Dettagli, informazioni e prezzi sulla bicicletta elettrica



La Bici a pedalata assistita

La bicicletta elettrica o bici elettrica a pedalata assistita rappresenta una novità interessante e specialmente una possibilità determinante per accrescere gli spostamenti nella città e nei paesi, tanto da potersi in molti casi profilare esattamente come un mezzo alternativo alla macchina, scooter o moto quale sia.

Il sistema della bici è piuttosto semplice, il movimento dei pedali è costantemente assistito dal motore elettrico, motore che riceve l'impulso dai pedali stessi. Il motore induce una pedalata che tendenzialmente si stabilizza sui 25 Km/h, se si interrompe la pedalata o si frena il motore si ferma immediatamente.

Questo tipo di bicicletta a seconda del modello ha un autonomia che è in grado di coprire percorrenze variabili tra i quaranta e gli 80 Km oltrepassati i quali termina la carica del motore.

In aggiunta ai modelli di diversa potenza, a seconda del tipo di bicicletta si danno confort differenti, possiamo difatti trovare modelli dotati di segnalatori che indicano lo stato di carica della batteria, ancora segnalatori acustici, computer di bordo, ammortizzatori posteriori e via dicendo passando dai modelli più spartani a quelli full optional.

Indipendentemente dalle finiture e dagli accessori la bicicletta elettrica è un mezzo decisamente salutare, comodo, comodo da esercitare, non inquinante e piuttosto economico, pensate che mediamente il prezzo per un pieno, che consente un'autonomia per circa 30 km, è di 0. 05 euro.

E qualora è vero che può rappresentare una valida alternativa per altri mezzi di trasporto, lo è perfino di più per tante quelle persone di età avanzata che con la bicicletta elettrica possono mantenersi in moto con uno sforzo fisico sostenibile.

Ciononostante torniamo a spiegare delle caratteristiche della bicicletta elettrica e spendiamo quache vocabolo sulle caratteristiche del motore impiegato. La potenza massima consentita per i motori delle bici elettriche è di 250W; l'attivazione come abbiamo detto puo essere effettuata in concomitanza con l'azione dei pedali e per il medesimo principio l'attività del motore si arresta non appena si smette di pedalare.

La velocità massima consentita è di 25Km/h; è completamente vietato applicare un accelleratore al motore per aumentarne la velocità, in questo caso difatti un ipotetico controllo provocherebbe l'immediato sequestro del mezzo, superflue riteniamo sono le considerazioni relativamente alla sicurezza del mezzo qualora se ne alterino le caratteristiche (come nella circostanza in cui venisse applicato un accelleratore).

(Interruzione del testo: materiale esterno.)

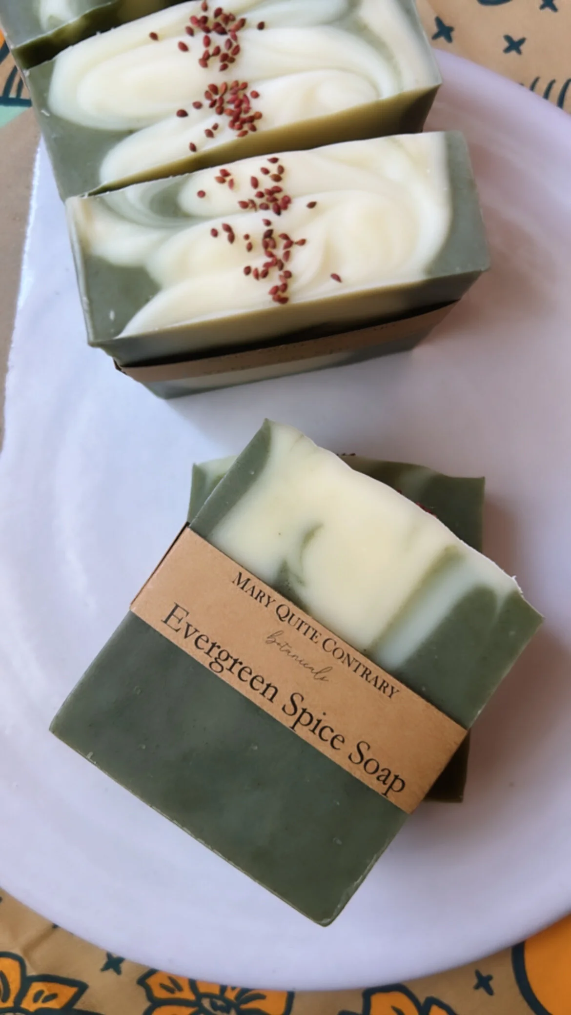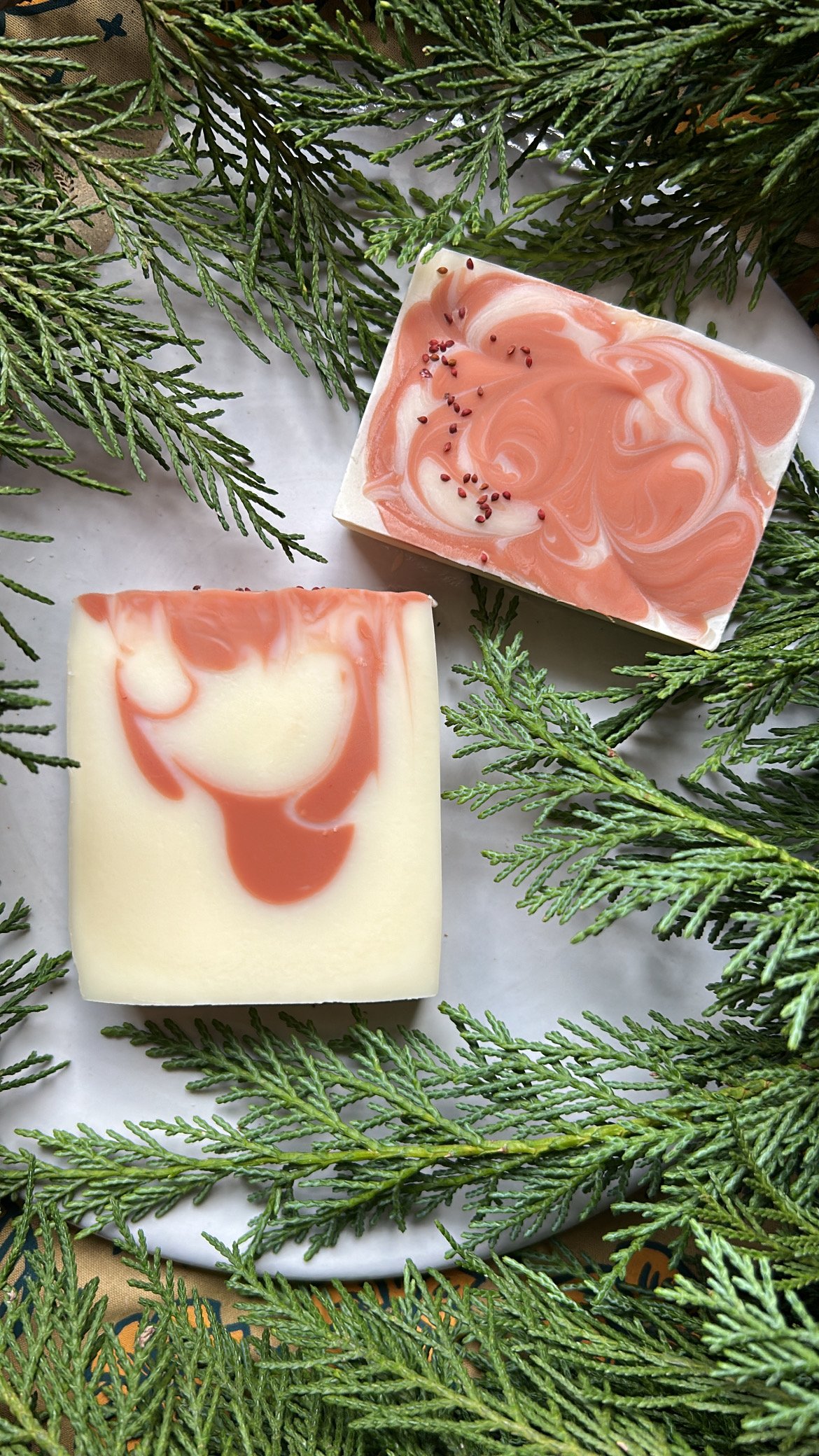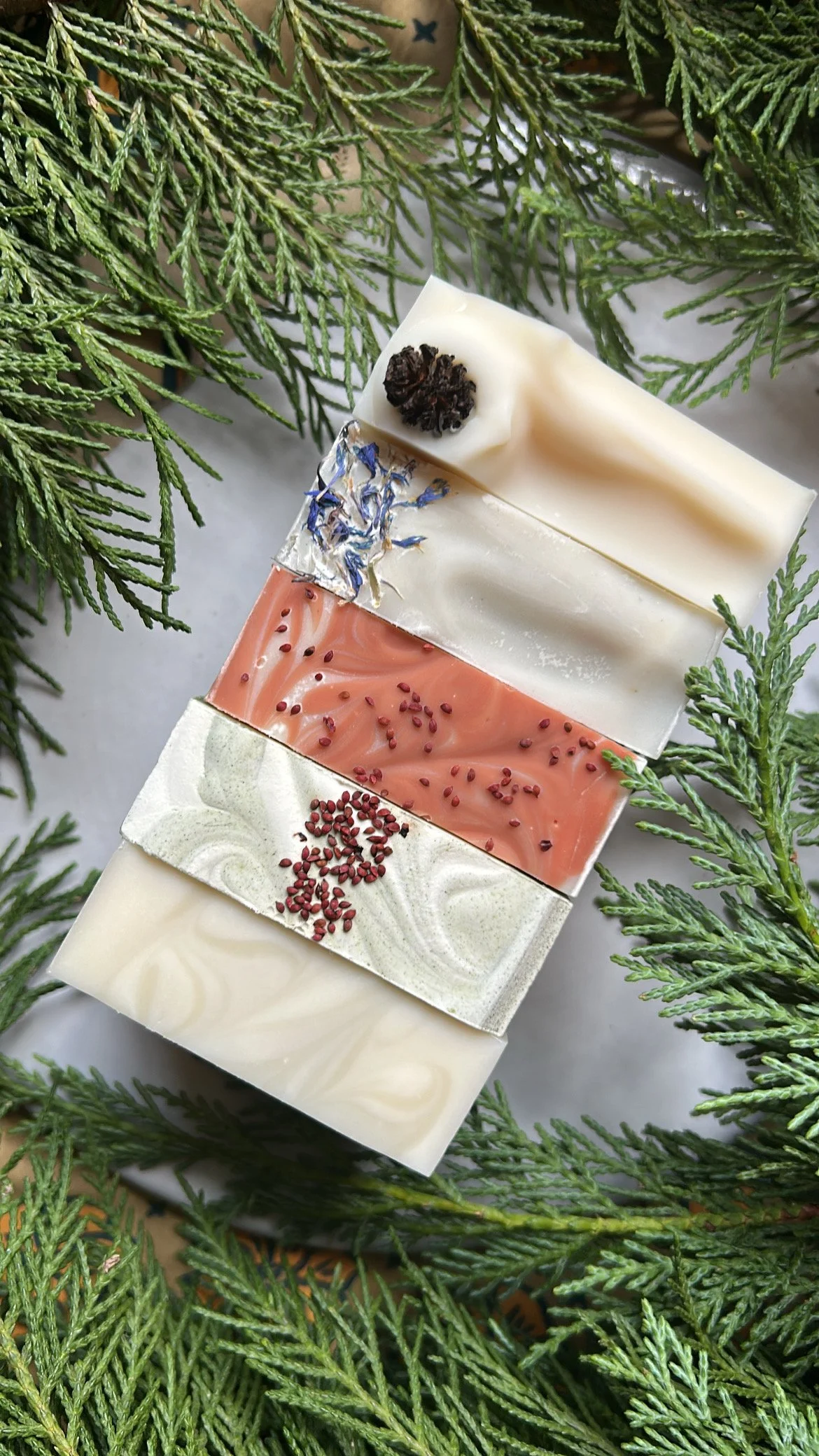 Includes a large 5.5 oz bar of each soap from the Winter Collection: Alpine, Evergreen Spice, Frost, Holiday Cheer, and Winter Solstice. All of the soaps use natural colorants and ingredients and only use essential oils for fragrance.
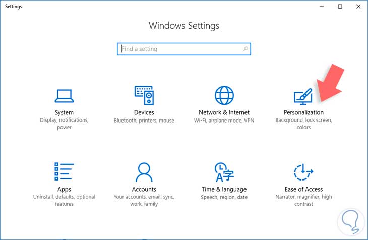 En la nueva organización del panel de control seleccionamos la opción Personalización
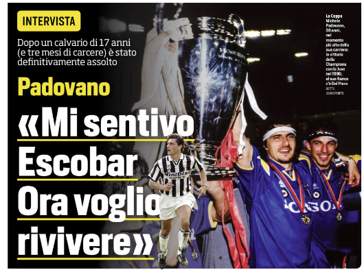 L'edizione odierna de "Il Corriere dello Sport" riporta un'intervista a Michele Padovano. La libertà, ora, è nell’aria fresca che Michele...

Per quanto riguarda la batteria della bicicletta elettrica, è fattibile scegliere fra batteria in piombo, al nickel e al Litio.

La batteria della bicicletta elettrica in piombo è abbastanza simile a quella impiegata nelle automobile, è relativamente economica, piuttosto pesante e facile da reperire in caso di cambio.

Un consiglio utile per mantenerla in buona salute è quello di evitare di farla scaricare del tutto, frequentemente infatti in questo caso, si danneggia in maniera definitivo.

Le batterie al nickel, durano normalmente più di quelle al piombo fra i 24 e i 36 mesi, sono di gran lunga meno pesanti e il loro prezzo non supera i 300, 00 Euro. Circa ogni 90 giorni vanno completamente scaricate. Un'altra opzione è l'impiego della batteria al litio che ha connotati più soddisfacenti rispetto a quelle delle batterie al nickel.

Le sospensioni della bici elettrica sono da decidere con attenzione a seconda dell'utilizzo che ne farete, difatti la tipologia di strada che generalmente percorrete sarà determinante per valutare la tipologia più appropriata da montare.

Cruciale come per qualunque mezzo di trasporto è provvedere ad una manutenzione periodica efficace, controllando lo stato delle gomme, i freni e la corretta lubrificazione di tutti gli apparati; è bene non usare la bicicletta elettrica in caso di forte pioggia.

Vi ricordiamo che per legge colui che utilizza una bici elettrica non è tenuto all'utilizzo del casco, alla stipula di un'assicurazione e al pagamento del bollo, ma un numero elevato di persone ritengono più opportuno sia l'impiego del perché non saperne di più casco che l'assicurazione.

E' bene alla fine non dimenticare che coloro che usano una pedelec, camminano in strada e sfruttano un mezzo di trasporto che circola insieme a motocicli ed autovetture, è pertanto altamente consigliabile un'ottima conoscenza e un puntuale rispetto della segnaletica ed in generale delle norme previste dal codice della strada.